As a bunch of us TESOL-ers brainstormed ideas about the name for a new blog, I was struck by the serendipity of the situation. Here we were at the TESOL 2015 convention, infused with ideas of a single theme “Crossing Borders, Building Bridges.” Some of our paths had crossed in the past while studying together, others of us were meeting for the first time I was struck by the diversity of our backgrounds and current teaching contexts and wondered what would happen if one expanded this idea of a global connection through a novel blog. A blog that could invite both the novice and the experienced, the excited and the jaded to write about things unexplored and uninterrupted by social change. Open to all teachers across the world. What would happen if we went beyond just our personal blogs and points of view to partake of a larger uncharted venture?

And so it was born. The name “Uncharted TESOL.”

Someone young but wise once told me, “It’s not enough to ask questions. It’s important to ask the right question.”

Apparently he was right. The answers came and so did the feedback – instant and positive.

For me personally, its birth was a culmination of two years of reflective study on my way to earning an MATESOL from The New School as well as from intense dialogues at three TESOL conventions.
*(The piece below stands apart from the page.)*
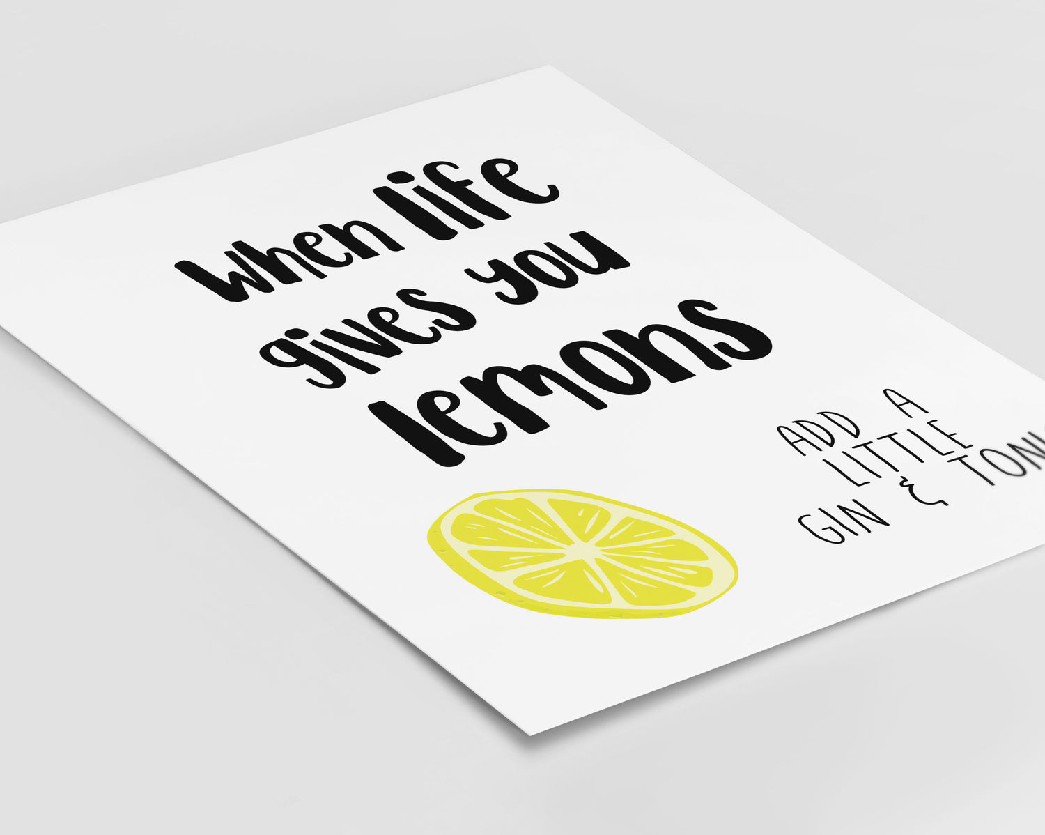 Kitchen print with the quote "when life gives you lemons, add a little gin and tonic". Designed on a clean white background with typography styled in black.

Just like a mother pregnant with her first born, unsure of what to expect, (despite Dr. Spock), I felt a sudden sense of responsibility. It was like naming an unborn child mindfully aware of his or her future mission. Words and names have power. And blogging is no different if one is to ascribe it a unique identity and protect its precious ideology, which is …what emerges from the writings, will be uniquely relevant and useful in the 21st century.

When I graduated in 2012, armed with big dreams, I knew I was entering an uncharted path. And on that path I was privileged to meet graduates intent on not only nurturing their individual interests but also in collaborating with others.

In the experimental and progressive spirit of John Dewey and The New School, I imagined the shape and future of a blog that could be a platform for an exchange of ideas but also an invitation to guest bloggers to take full responsibility for expression. My hope is that our words and experiences will resonate meaningfully and possibly impact each other in unknown ways. My hope is that we can collaborate and navigate uncharted paths to find meaning and purpose in the rapidly evolving field of TESOL.

At the risk of sounding utopian, I hope that at a critical juncture in shared global history, our creative written expressions will somehow find their way into the classrooms and communities we teach, bringing with them much needed positive change.